На следующее утро, после того как мы вместе позавтракали и Вайрд снова принялся за вино, я некоторое время подождал, пока оно прочистит ему мозги, прежде чем отчитаться в том, что делал накануне. Я рассказал старику о своем посещении копи, о том, что видел там, упомянул о знакомстве с Ливией и Георгиусом, подробно описав обоих.
Старик в ответ лишь хрюкнул и сказал:
— Я так понимаю, что дочка еще туда-сюда, а вот папаша — один из тех глупых надутых индюков, которых всегда можно отыскать в любом мелком городишке. Небось считает себя незаменимым, хотя на самом деле ничего собой не представляет.
— Я тоже так думаю, — заметил я. — Но чувствую, что обязан, по крайней мере, изображать почтение. Он как-никак управляющий копями и представитель знатной римской семьи.
— Balgs-daddja! Он всего лишь разъевшаяся устрица среди мелких устриц.
— Что-то ты сегодня не в духе, fráuja. Может, вино кислое?
Он почесал свою бороду и неожиданно дружелюбно произнес:
— Прости меня, мальчишка. В последнее время я действительно постоянно не в духе и ощущаю тревогу. Это настроение пройдет. Вино лечит все печали.
— Что это вдруг с тобой случилось? Когда мы прибыли сюда, у тебя было прекрасное настроение. Подумай сам, fráuja. У нас полно денег, нет нужды охотиться, сейчас нам надо только наслаждаться, и мы находимся в самом прекрасном месте на свете. Печалиться вроде бы не с чего. Что же тебя тревожит?
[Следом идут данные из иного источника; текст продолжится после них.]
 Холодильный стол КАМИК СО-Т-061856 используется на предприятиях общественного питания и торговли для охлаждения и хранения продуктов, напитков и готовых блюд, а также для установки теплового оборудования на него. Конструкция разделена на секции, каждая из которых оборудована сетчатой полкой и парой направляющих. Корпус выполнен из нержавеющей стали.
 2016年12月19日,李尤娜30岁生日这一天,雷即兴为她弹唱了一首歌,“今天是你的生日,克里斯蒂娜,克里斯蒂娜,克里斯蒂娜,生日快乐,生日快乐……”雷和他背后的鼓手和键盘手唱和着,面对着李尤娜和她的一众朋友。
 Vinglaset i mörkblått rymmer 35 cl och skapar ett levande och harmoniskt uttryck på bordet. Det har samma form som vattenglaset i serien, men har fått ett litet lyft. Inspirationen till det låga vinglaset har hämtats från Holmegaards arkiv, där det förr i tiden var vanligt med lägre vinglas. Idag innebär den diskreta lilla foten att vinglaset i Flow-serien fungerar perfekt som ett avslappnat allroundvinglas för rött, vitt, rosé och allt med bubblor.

Он продолжил терзать свою бороду и пробормотал:
— Во имя головы святого Дениса, которую он носит под мышкой, я и сам не знаю. Возможно, все дело просто в том, что я старик. Без сомнения, раздражительность — это еще один признак наступающей старости, так же как и слабеющее зрение. Ступай, мальчишка, развлекайся со своей новой подружкой. Оставь старика одного, чтобы он мог заливать печаль вином. — Вайрд залпом осушил свою кружку и рыгнул. — Когда я приду в себя… через несколько дней… я возьму тебя на охоту. Ик. Просто для развлечения… на такую дичь ты еще никогда не охотился.
Он снова укрылся за кружкой, поэтому я ничего не сказал, только раздраженно фыркнул и устремился прочь из таверны на рыночную площадь. Так же как и в любое другое утро, она была полна людей, преимущественно женщин, которые покупали съестные припасы на день, и торговцев, которые все это им продавали. Я удивился, заметив в этой толпе Ливию. Я вообще-то сказал девочке, где остановился, но меня удивило, что могло заставить малышку спуститься с горы в такой ранний час.
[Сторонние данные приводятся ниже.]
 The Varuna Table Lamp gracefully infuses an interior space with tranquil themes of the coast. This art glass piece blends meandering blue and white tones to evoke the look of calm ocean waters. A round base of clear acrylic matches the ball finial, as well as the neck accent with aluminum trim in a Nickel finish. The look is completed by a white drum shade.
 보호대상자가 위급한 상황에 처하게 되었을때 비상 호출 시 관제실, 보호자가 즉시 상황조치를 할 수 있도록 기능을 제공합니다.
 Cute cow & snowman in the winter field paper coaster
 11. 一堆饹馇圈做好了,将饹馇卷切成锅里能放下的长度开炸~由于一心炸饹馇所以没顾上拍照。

— Неужели не ясно, что я пришла навестить тебя? — сказала она, когда я спросил ее об этом. — И показать тебе город.
В тот день Ливия показала мне внутреннее убранство церкви Голгофы, которая служила местом заседаний городского совета и хранилищем всевозможных местных раритетов: вещей, обнаруженных рабочими в шахтах, строителями и копателями могил за все предыдущие годы. Сюда входили многочисленные предметы искусства из бронзы, протравленные и покрытые зеленью ярь-медянки; было тут и прекрасно сохранившееся мертвое тело — морщинистое, коричневое и кожистое, в традиционной одежде, — принадлежащее одному из древних низкорослых рудокопов, труп которого спустя многие годы обнаружили в шахте.
После этого мы посетили мастерскую ювелира. Этот мастер не изготавливал современных украшений, таких, какие я видел (и время от времени покупал) повсюду. Он сознательно копировал те древние предметы искусства, что хранились в церкви Голгофы, только делал их такими, какими они выглядели, когда были новыми: ножные и ручные браслеты, наплечные фибулы, изящные кинжалы, которые не столько были оружием, сколько служили поясным украшением, ожерелья и нагрудные броши, — все его изделия были из сияющей бронзы.
Когда Ливии наступила пора возвращаться домой, где ее ждал воспитатель, я проводил девочку до самого верхнего уровня города. После этого я вновь вернулся в лавку ювелира, ибо увидел там кое-что, что мне захотелось купить себе, но я не желал, чтобы Ливия об этом знала. Это смутило и ошеломило бы малышку, потому что сей предмет явно предназначался для женщин. Это был защитный нагрудник, такой старомодный, какого я больше нигде никогда не видел (уж не знаю, носили ли подобные вещи другие женщины, кроме меня).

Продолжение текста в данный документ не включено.